Labor costs at Ford Motor Co are about $16 an hour higher in Canada than in the United States, the Canadian Auto Workers confirmed on Friday, but union said it needs guarantees on production levels before it agrees to concessions to level the field.
The CAW and Ford have been in cost-cutting negotiations since Sept. 8.
The talks follow deals the union made with General Motors Co and Chrysler in the spring to help those companies qualify for billions of dollars in government aid needed to survive the industry downturn.
Those three-year collective agreements cut around C$19 ($17.60) an hour from labor costs at GM and Chrysler.
The United Auto Workers struck a deal with Ford in March that the company said brought its U.S. labor costs down to around $55 an hour. That leaves CAW labor costs, which include wages, benefits, vacation time, and a bevy of other items, about $16 higher.
Based on the UAW already making economic sacrifices, that's in the ballpark, Ken Lewenza, the CAW's president, told Reuters. You can argue a buck or two either way, but that's in the ballpark.

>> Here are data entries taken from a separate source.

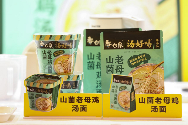 此次糖酒会上,白象携旗下汤好喝产品重磅参展,现场煮起了热腾腾的高汤面,不少客商和参展观众表示循着香味找到白象,“面条很香很爽弹,汤头很鲜,像那种经过文火慢炖的鸡汤。”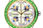 More than one hundred and eighty metals and stones of varying nuances and forms decorate the dial. The voluminous dial of the 2016 Dior Grand Soir is adorned with mother-of-pearl, ornamental stones, polished gold petals and precious stones. The bezel is set in diamonds, sapphires or tsavorite garnets in geometric shapes, accentuating the bewitching symmetry of the dial.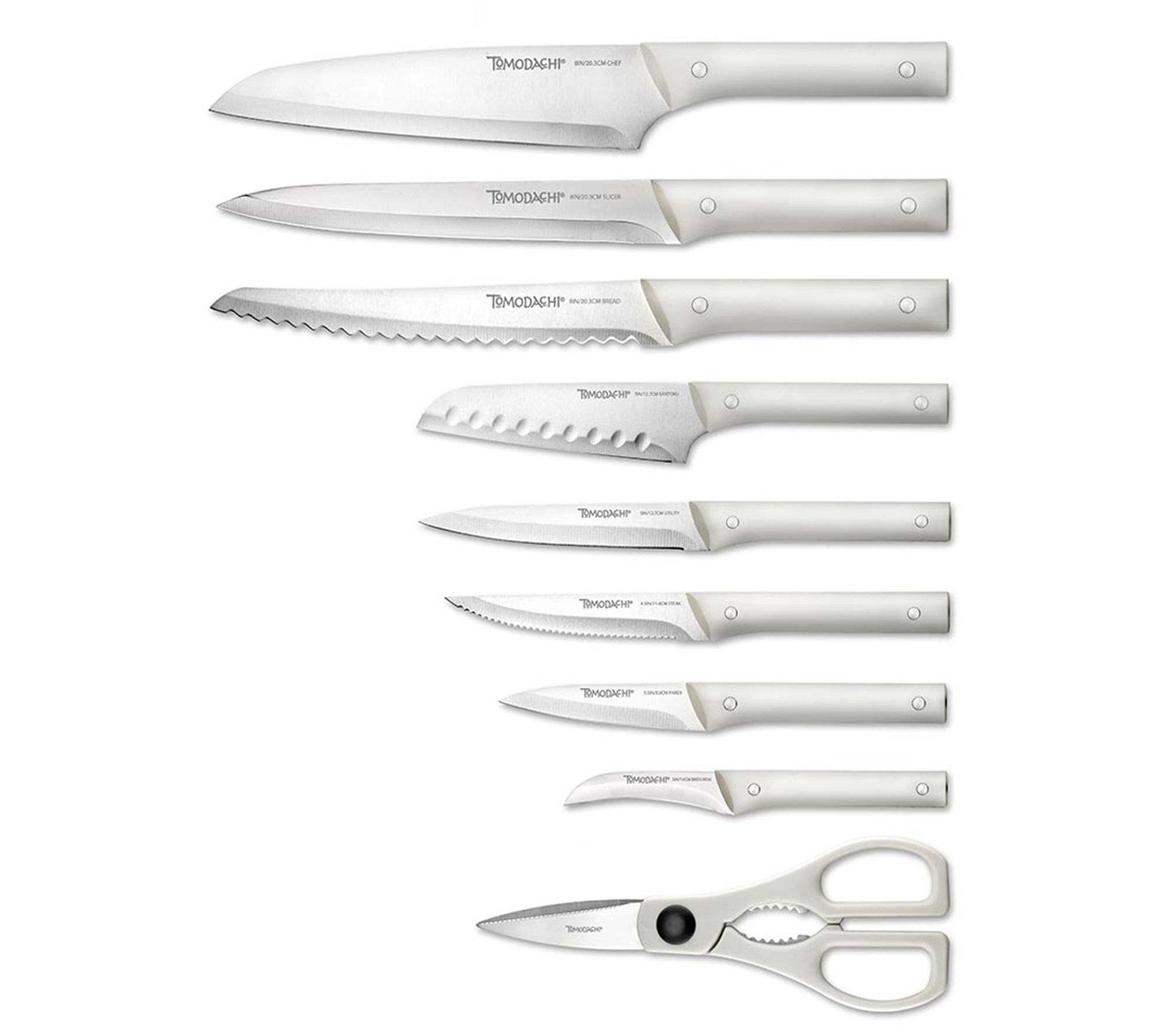 • Includes eight chef knife, eight slicing knife, eight bread knife, five santoku knife, five utility knife, six 4.5" steak knives, 3.5" paring knife, three bird's beak knife, kitchen shears, knife block

Ford, which has not needed any government funding to stay afloat and was the only one of the three Detroit-based automakers not to restructure under bankruptcy protection, says it now needs cost reductions to compete.
Ford has said costs at its Canadian operations are its highest worldwide.
The CAW said that it is willing to work with Ford to cut labor costs, but in return, Ford must guarantee it will keep a certain proportion of its Canada-U.S. production in Canada, which is what GM and Chrysler agreed to in the spring.
Ford has about 13 percent of its Canada-U.S. production in Canada, while Chrysler has about 20 percent and GM about 18.
The CAW says Ford's Canadian production footprint will fall below 10 percent in 2011, when the large sedans being manufactured at its St. Thomas, Ontario, assembly plant are slated to be phased out.
Ford said it has no new product to go into the plant, which employs about 1,500 of the company's 7,000 Canadian workers.
With out a deal between the CAW and Ford, Canada is at risk of further production cuts, said a source close to the Ford-CAW negotiations.
The source, who could not be named because of the sensitivity of the situation, said the company is under pressure to consolidate its manufacturing facilities into low-cost labor jurisdictions.
The source said the $16 an hour cost gap figure is based on an exchange rate of 86 cents per Canadian dollar. The exchange rate is currently closer to 93 cents.
Lewenza said that on top of the UAW concessions, the biggest reason for the Canada-U.S. cost gap at Ford is the rise of the Canadian dollar.
He argued that CAW plants have productivity advantages over U.S. plants and that should be taken into account.
David Mondragon, Ford of Canada's chief executive, disagreed.
Right now we do not have a productivity or cost advantage over North American jurisdictions at our Canadian facilities, he told Reuters. So, we do have challenges and we need to address those challenges with the CAW.